UCSF Benioff Children's Hospital Oakland, Oakland, CA, 94609, USA.
Division of Neuroimmunology, Department of Pediatrics, Children's Hospital Los Angeles, Los Angeles, CA, 90027, USA.
J Neurodev Disord. 2023 Mar 2;15(1):9. doi: 10.1186/s11689-023-09478-w.
Down syndrome (DS) is one of the most common genetic causes of intellectual disability, and it is associated with an increased incidence of numerous co-occurring conditions. Autism spectrum disorder (ASD) is common in persons with DS, with rates reported as high as 39%. However, little is known regarding co-occurring conditions in children with both DS and ASD.
A single-center retrospective review of prospective longitudinally collected clinical data was performed. Any patient with a confirmed diagnosis of DS evaluated at a large, specialized Down Syndrome Program in a tertiary pediatric medical center between March 2018 and March 2022 was included. A standardized survey which included demographic and clinical questions was administered during each clinical evaluation.
In total, 562 individuals with DS were included. The median age was 10 years (IQR: 6.18-13.92). Of this group, 72 (13%) had a co-occurring diagnosis of ASD (DS+ASD). Individuals with DS+ASD were more likely to be male (OR 2.23, CI 1.29-3.84) and had higher odds of a current or prior diagnosis of constipation (OR 2.19, CI 1.31-3.65), gastroesophageal reflux (OR 1.91, CI 1.14-3.21), behavioral feeding difficulties (OR 2.71, CI 1.02-7.19), infantile spasms (OR 6.03, CI 1.79-20.34) and scoliosis (OR 2.73, CI 1.16-6.40). There were lower odds of congenital heart disease in the DS+ASD group (OR 0.56, CI 0.34-0.93). There was no observed difference in prematurity or Neonatal Intensive Care Unit complications between groups.

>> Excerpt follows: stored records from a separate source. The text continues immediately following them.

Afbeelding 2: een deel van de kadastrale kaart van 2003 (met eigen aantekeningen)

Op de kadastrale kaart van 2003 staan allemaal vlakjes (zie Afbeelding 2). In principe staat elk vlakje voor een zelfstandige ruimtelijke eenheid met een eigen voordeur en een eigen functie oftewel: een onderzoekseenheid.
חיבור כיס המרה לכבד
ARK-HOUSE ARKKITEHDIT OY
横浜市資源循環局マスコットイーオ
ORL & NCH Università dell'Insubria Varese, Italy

Individuals with DS+ASD had similar odds of having a history of congenital heart defect requiring surgery to those with DS only. Furthermore, there was no difference in rates of autoimmune thyroiditis or celiac disease. There was also no difference in rates of diagnosed co-occurring neurodevelopmental or mental health conditions in this cohort, including anxiety disorders and attention-deficit/hyperactivity disorder.

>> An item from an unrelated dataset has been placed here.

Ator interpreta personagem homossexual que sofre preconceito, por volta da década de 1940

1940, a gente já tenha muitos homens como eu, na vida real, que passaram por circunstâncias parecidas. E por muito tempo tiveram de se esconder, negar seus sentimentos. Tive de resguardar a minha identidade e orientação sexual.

This study identifies a variety of medical conditions which are more frequent in children with DS+ASD than DS alone, providing important information for the clinical management of these patients. Future research should investigate the role of some of these medical conditions in the development of ASD phenotypes, and whether there may be distinct genetic and metabolic contributions towards these conditions.

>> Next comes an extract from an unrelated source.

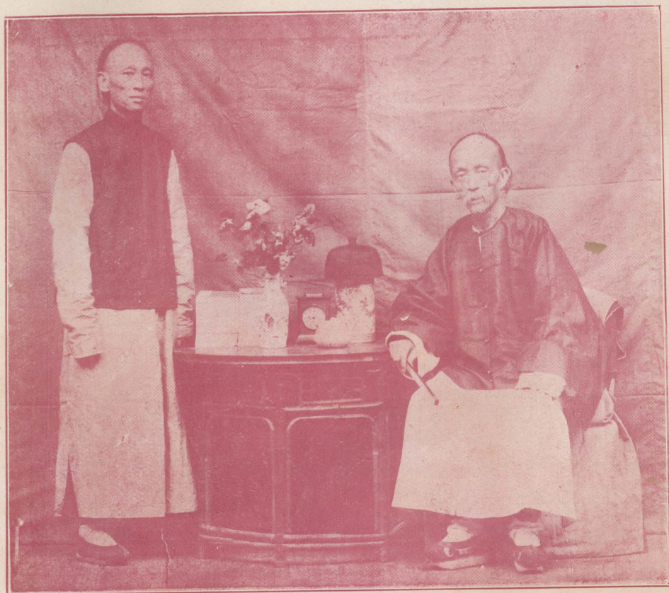
像遺庵笠姪其及主館經畚

唐氏综合征(DS)是智力障碍最常见的遗传原因之一,它与许多同时发生的疾病的发病率增加有关。自闭症谱系障碍(ASD)在 DS 患者中很常见,报告的发病率高达 39%。然而,对于同时患有 DS 和 ASD 的儿童的同时发生的疾病知之甚少。
对在一家三级儿科医疗中心的大型专门唐氏综合征项目中进行的前瞻性纵向收集的临床数据进行了单中心回顾性研究。在 2018 年 3 月至 2022 年 3 月期间,对每一位经确诊患有 DS 的患者进行评估。在每次临床评估期间,都进行了一项包括人口统计学和临床问题的标准化调查。
共纳入 562 名 DS 患者。中位年龄为 10 岁(IQR:6.18-13.92)。在这组患者中,有 72 名(13%)同时诊断出 ASD(DS+ASD)。DS+ASD 患者更有可能为男性(OR 2.23,CI 1.29-3.84),且更有可能出现当前或既往诊断的便秘(OR 2.19,CI 1.31-3.65)、胃食管反流(OR 1.91,CI 1.14-3.21)、行为性喂养困难(OR 2.71,CI 1.02-7.19)、婴儿痉挛(OR 6.03,CI 1.79-20.34)和脊柱侧凸(OR 2.73,CI 1.16-6.40)。DS+ASD 组先天性心脏病的发病几率较低(OR 0.56,CI 0.34-0.93)。两组间早产儿或新生儿重症监护病房并发症无明显差异。DS+ASD 患者与单纯 DS 患者的先天性心脏病需要手术治疗的比例相似。此外,自身免疫性甲状腺炎或乳糜泻的发病率也没有差异。在本队列中,神经发育或精神健康合并症的诊断率也没有差异,包括焦虑症和注意缺陷/多动障碍。
本研究确定了一些在 DS+ASD 患儿中比单纯 DS 患儿更常见的医疗状况,为这些患者的临床管理提供了重要信息。未来的研究应调查其中一些医疗状况在 ASD 表型发展中的作用,以及这些状况是否可能存在独特的遗传和代谢贡献。